Unfortunately, myocardial biopsy specimens collected in vivo from the right ventricle may not be sufficient for identifying dogs with attenuated wavy fibers because the abnormal myofibers were most abundant in the lateral wall of the left ventricle.⁸³ Detection of attenuated wavy fibers in the myocardium of dogs has been shown to have a high sensitivity (98%) for DCM. The specificity of this finding was found to be 100% because attenuated wavy fibers were not found in 147 necropsied dogs with other heart diseases, such as chronic valvular disease, congenital heart disease, myocardial infarcts, myocarditis or endocarditis, although the majority of these hearts were dilated.⁸²

In a subsequent study, attenuated wavy fibers were detected in Newfoundlands from a kennel with a known predisposition to DCM, but without clinical or echocardiographic evidence of heart disease.⁸³ These findings suggest that development of attenuated wavy fibers is not a response to chamber dilatation and stretching of the myocytes, as has been proposed.⁷¹ To the contrary, attenuated wavy fibers may represent an early pathologic change in the myocardium of dogs with DCM.

The fatty infiltration–degenerative type of DCM

It was first described as “boxer cardiomyopathy” in 64 Boxers by Harpster³⁵ in 1983 (Fig. 2). The myocardial lesions associated with the fatty infiltration–degenerative type of DCM include myocytolysis, myofiber degeneration, vacuolization, and myocyte atrophy with extensive fibrosis and fatty infiltration replacing myofibers (Fig. 2). Similar myocardial lesions were first described by Calvert et al. in 1982¹⁴ and later by the same and by other authors in a total of 64 Doberman Pinschers with clinically diagnosed DCM.¹⁵,³⁰,³⁶ In one of the reports by Everett et al. the myocardial lesions have been described extensively, characterized by myofiber degeneration and atrophy, and replacement of myocardium by dense bundles of collagen and clusters of adipocytes.³⁰ The lesions have been compared to arrhythmogenic right ventricular cardiomyopathy (ARVC) in dogs³¹,⁵³,⁷⁵ and in humans.⁸,⁸¹ However, the myocardial changes in ARVC are usually confined to the right ventricle and profound to the extent that they are evident already on gross pathology examination. Myocyte transdifferentiation of myocytes to adipocytes was suggested as a possible mechanism for ARVC in a recent report.²⁰

Fig. 2.

Left ventricular myocardium of a dog with fatty infiltration–degenerative type of DCM. Vacuolar degeneration of myofibers (small arrows), atrophic myofibers, lipid deposits (large arrows), and cords of collagen (blue staining) are evident. Masson's trichrome. Bar = 20 µm.

Discussion

The attenuated wavy fiber type of DCM seems to be the most prevalent form of DCM because many more breeds are afflicted with this disease compared with the fatty infiltration–degenerative type of DCM. However, there are to date relatively few authors (Table 1) who have reported on this histopathologic finding. There may be many reasons for this lack of reporting. In the hitherto largest study of dogs with the attenuated wavy fiber form of DCM, as many as 27 slides from nine different locations in the ventricles were evaluated for presence of attenuated wavy fibers. Although, in many dogs, attenuated wavy fibers were found in the majority of the specimens, the abnormal fibers were most abundant in the lateral wall of the left ventricle.⁸³ By examining only a limited number of myocardial specimens, presence of attenuated wavy fibers may indeed be missed.

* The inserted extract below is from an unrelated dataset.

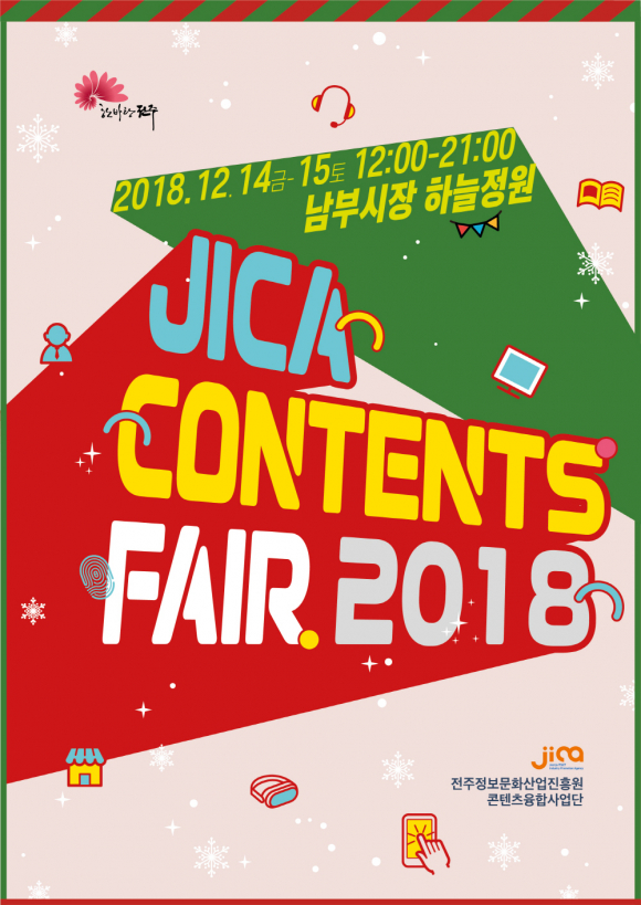 | 전주정보문화산업진흥원이 전주의 역사와 문화, 인물 등을 활용해 만든 지역특화 콘텐츠를 시민들에게 선보인다. 전주정보문화산업진흥원(원장 서문산성, 이하 진흥원)은 14일과 15일 이틀간 전주남부시장 하늘정원에서 2018년 한 해 동안 수행한 지역특화형 콘텐츠 개발지원사업의 성과물을 전시하는 ‘JICA CONTENTS FAIR 2018’을 개최한다.

The technical process for preparation of the slides from the specimens may influence the morphology. The technique used for dehydration of the specimens may vary. The slicing technique may produce artificial waviness of the myofibers. There may be a question of whether the waviness may be an artifact in vitro, not present in vivo. The cause for this may be a disruption of collagen tethers aligning the cardiomyocytes that occurs in the remodeling process involved in dilatation. The artifact may reflect the loss of volume distention after death and fragmentation of collagen tethers that maintain alignment (J. Turk, personal communication). However, this supposed artifact only seems to occur in hearts where dilatation is due to DCM and not in hearts where dilatation is due to chronic valvular disease or congenital heart disease.⁸² Also, attenuated wavy fibers have been found in myocardium of dogs where no dilatation is present.⁸³ Wavy myocardial fibers (not attenuated) have also been described in human patients and in dogs with acute myocardial ischemia.²⁶,²⁷

Fibro-fatty replacement of myocardial tissue is thought to be a consequence of myocyte loss due to different causes, such as myocarditis or other noxious stimuli. Fatty infiltration of the myocardium is reported to be a major finding in ethanol-induced cardiomyopathy.²² A number of antineoplastic agents, such as doxorubicin and cyclophosphamide, may cause extensive myocyte vacuolization.⁹³

The characteristic histologic findings presumably reflect specific disease processes, rather than being the end result of many different pathologic processes. As the very structure of the myocytes is distorted in the attenuated wavy fiber type of DCM, the cause may be a defect in the cytoskeletal proteins. It has been suggested that DCM in human patients should be termed “cytoskeletalopathy” due to mutations found in dystrophin, actin, and desmin.¹¹ The cytoskeletal proteins transmits the contractile force to adjacent sarcomeres and myocytes. Such an impairment will prevent normal contractility and, thus may cause myocyte atrophy.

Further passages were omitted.